WORK REQUIRED >> Below, some lines carry pictures; leave those pictures out and retype exactly the lines from the one with "Kasap işletmeciliği yapan" through the one with "El aluminio actúa".
--- DATASET RECORDS ---
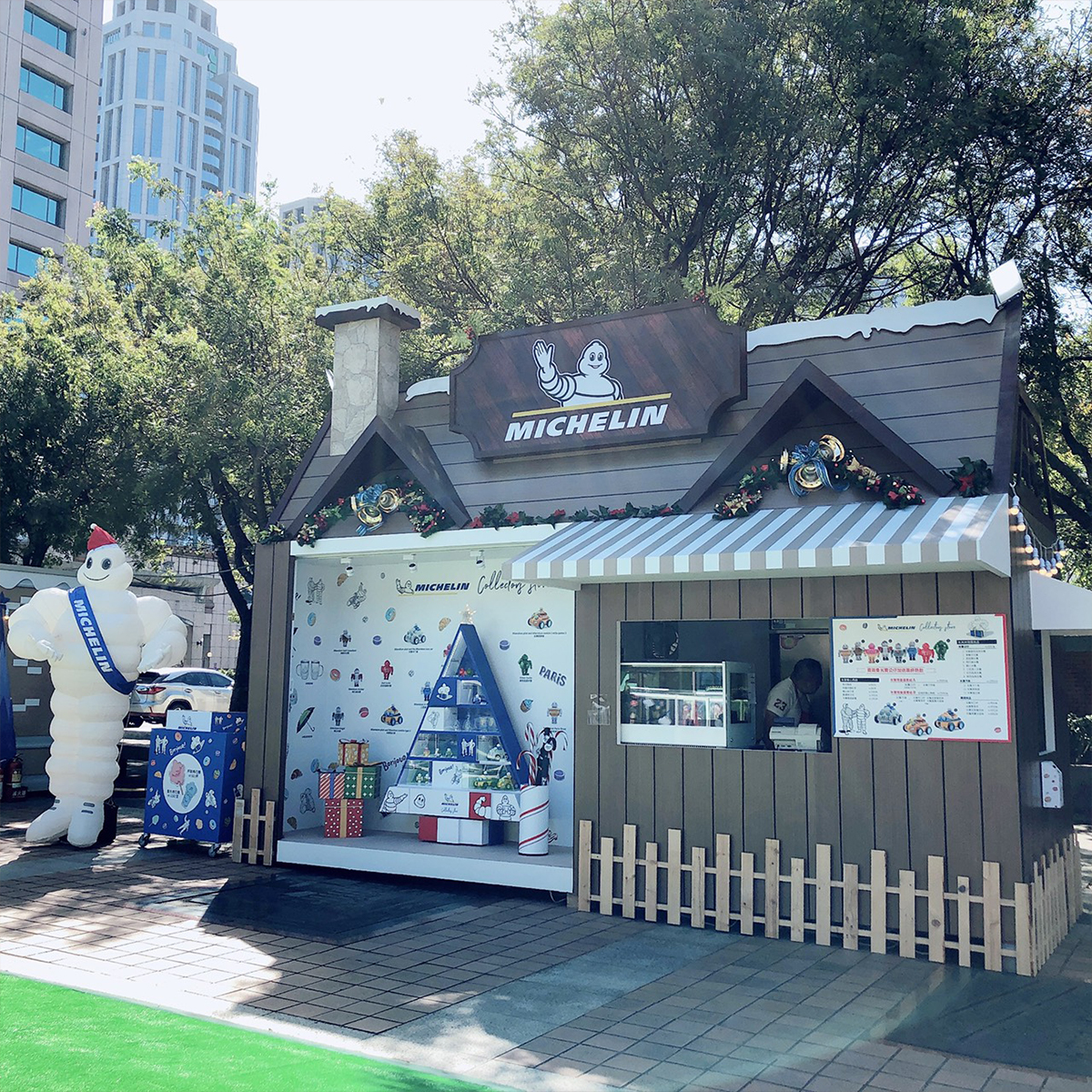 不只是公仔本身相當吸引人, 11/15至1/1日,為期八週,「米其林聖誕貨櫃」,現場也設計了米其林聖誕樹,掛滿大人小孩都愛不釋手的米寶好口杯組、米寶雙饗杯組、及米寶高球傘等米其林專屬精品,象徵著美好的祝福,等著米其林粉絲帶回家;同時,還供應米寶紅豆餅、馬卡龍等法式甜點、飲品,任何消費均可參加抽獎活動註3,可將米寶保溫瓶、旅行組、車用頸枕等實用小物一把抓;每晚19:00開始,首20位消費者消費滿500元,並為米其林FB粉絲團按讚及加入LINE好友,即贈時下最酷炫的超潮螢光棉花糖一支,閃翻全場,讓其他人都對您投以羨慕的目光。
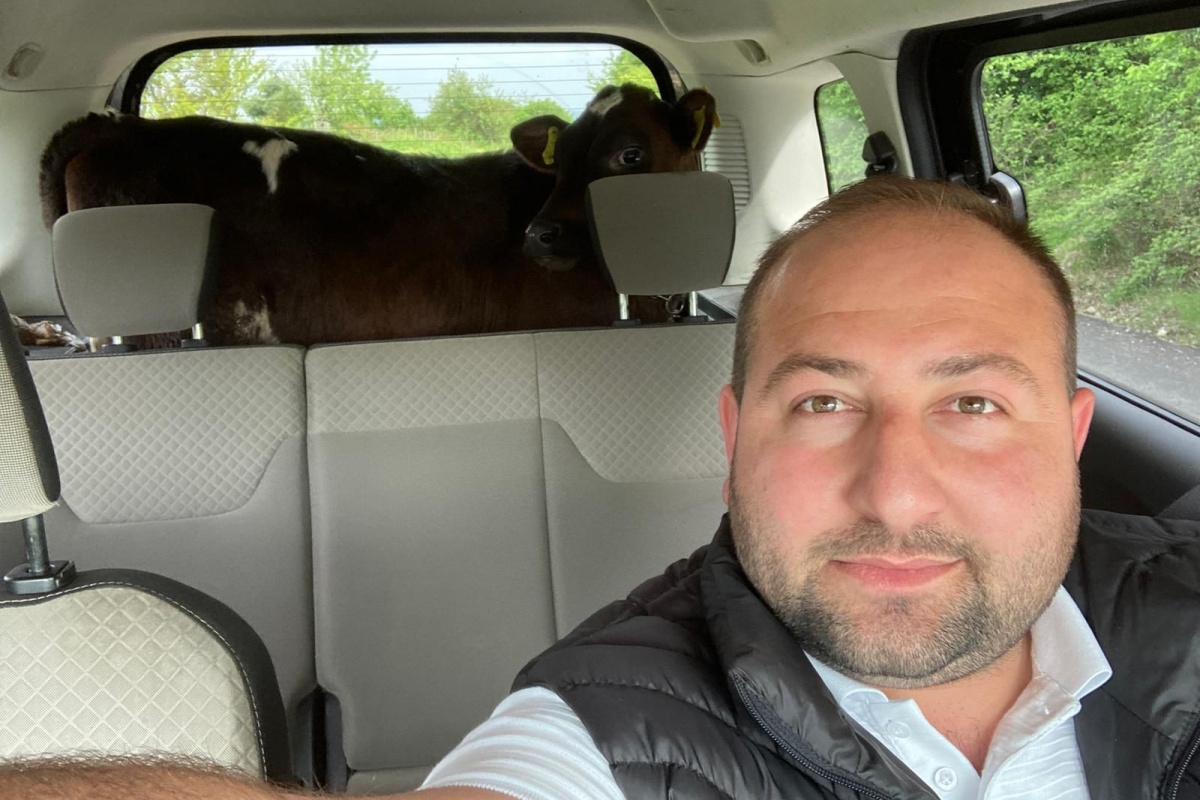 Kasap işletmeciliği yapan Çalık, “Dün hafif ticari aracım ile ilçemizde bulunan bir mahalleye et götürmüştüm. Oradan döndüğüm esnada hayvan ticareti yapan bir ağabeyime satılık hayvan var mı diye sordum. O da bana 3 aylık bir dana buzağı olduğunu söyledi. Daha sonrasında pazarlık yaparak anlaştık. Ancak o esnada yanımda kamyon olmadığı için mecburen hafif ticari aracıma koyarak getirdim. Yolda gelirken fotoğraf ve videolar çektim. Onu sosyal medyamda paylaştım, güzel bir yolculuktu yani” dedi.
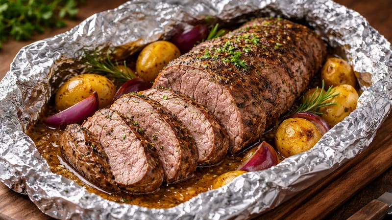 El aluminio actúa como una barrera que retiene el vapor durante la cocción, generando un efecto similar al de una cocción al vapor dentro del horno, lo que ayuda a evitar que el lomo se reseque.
---
--- DATASET RECORDS ---
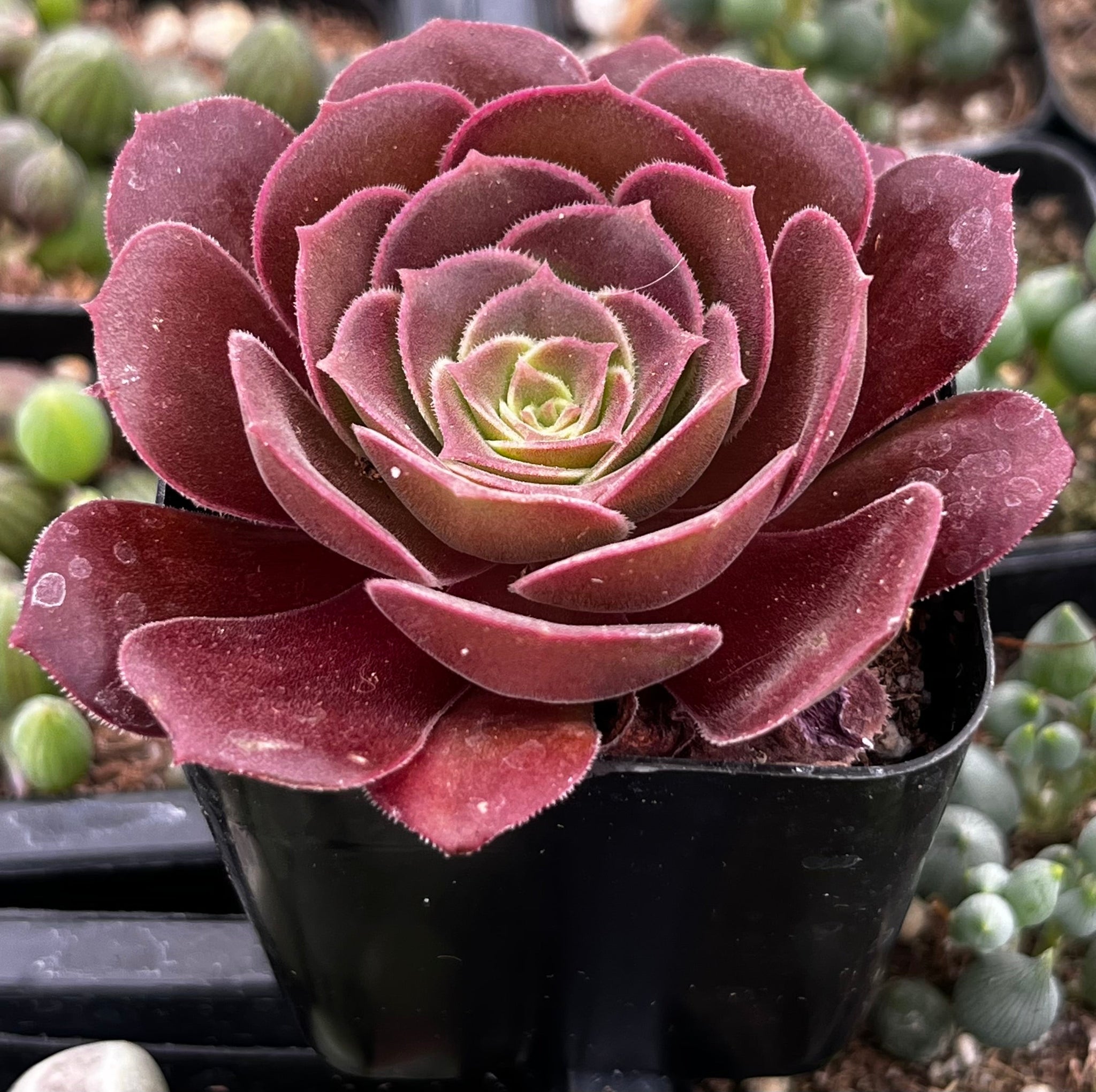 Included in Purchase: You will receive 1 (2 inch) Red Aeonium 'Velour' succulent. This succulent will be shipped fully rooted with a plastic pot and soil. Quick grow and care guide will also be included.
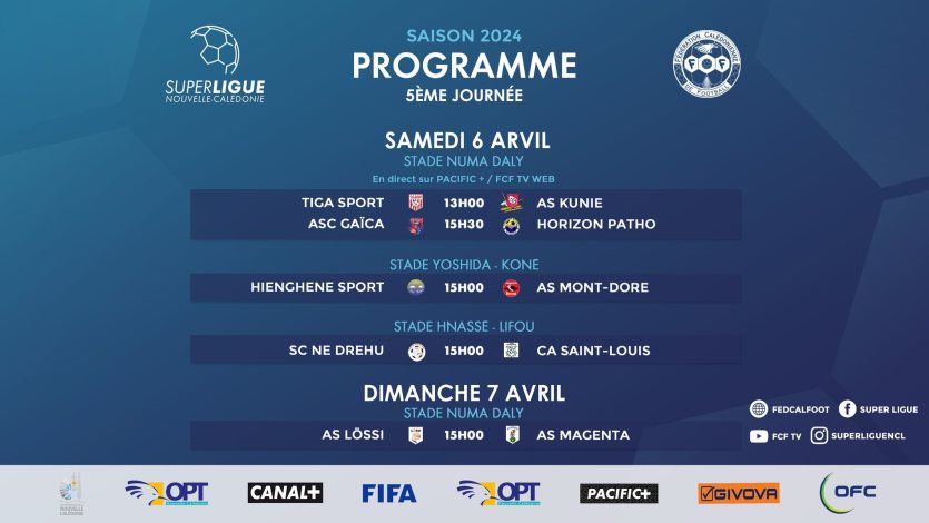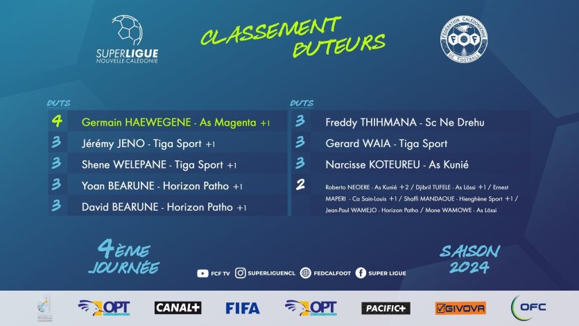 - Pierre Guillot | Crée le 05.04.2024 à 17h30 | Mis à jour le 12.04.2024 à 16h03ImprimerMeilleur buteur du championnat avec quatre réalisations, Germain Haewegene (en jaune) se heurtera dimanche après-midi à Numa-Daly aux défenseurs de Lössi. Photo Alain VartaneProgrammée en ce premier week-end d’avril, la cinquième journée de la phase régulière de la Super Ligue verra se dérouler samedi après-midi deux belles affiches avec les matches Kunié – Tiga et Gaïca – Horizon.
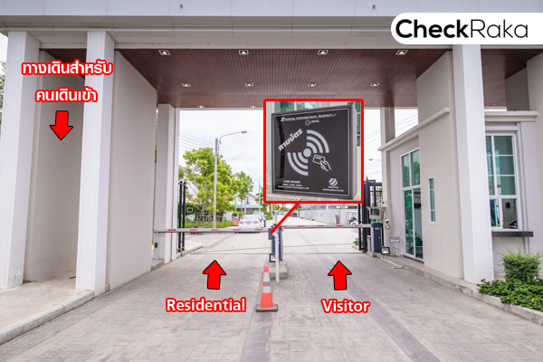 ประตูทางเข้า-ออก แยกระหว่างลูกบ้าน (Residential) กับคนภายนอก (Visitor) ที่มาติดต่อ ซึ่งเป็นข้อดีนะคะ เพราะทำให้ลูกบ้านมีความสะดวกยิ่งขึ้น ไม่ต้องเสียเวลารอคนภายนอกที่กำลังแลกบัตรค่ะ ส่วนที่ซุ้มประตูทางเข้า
---
WORKED SOLUTION >>
 Kasap işletmeciliği yapan Çalık, “Dün hafif ticari aracım ile ilçemizde bulunan bir mahalleye et götürmüştüm. Oradan döndüğüm esnada hayvan ticareti yapan bir ağabeyime satılık hayvan var mı diye sordum. O da bana 3 aylık bir dana buzağı olduğunu söyledi. Daha sonrasında pazarlık yaparak anlaştık. Ancak o esnada yanımda kamyon olmadığı için mecburen hafif ticari aracıma koyarak getirdim. Yolda gelirken fotoğraf ve videolar çektim. Onu sosyal medyamda paylaştım, güzel bir yolculuktu yani” dedi.
 El aluminio actúa como una barrera que retiene el vapor durante la cocción, generando un efecto similar al de una cocción al vapor dentro del horno, lo que ayuda a evitar que el lomo se reseque.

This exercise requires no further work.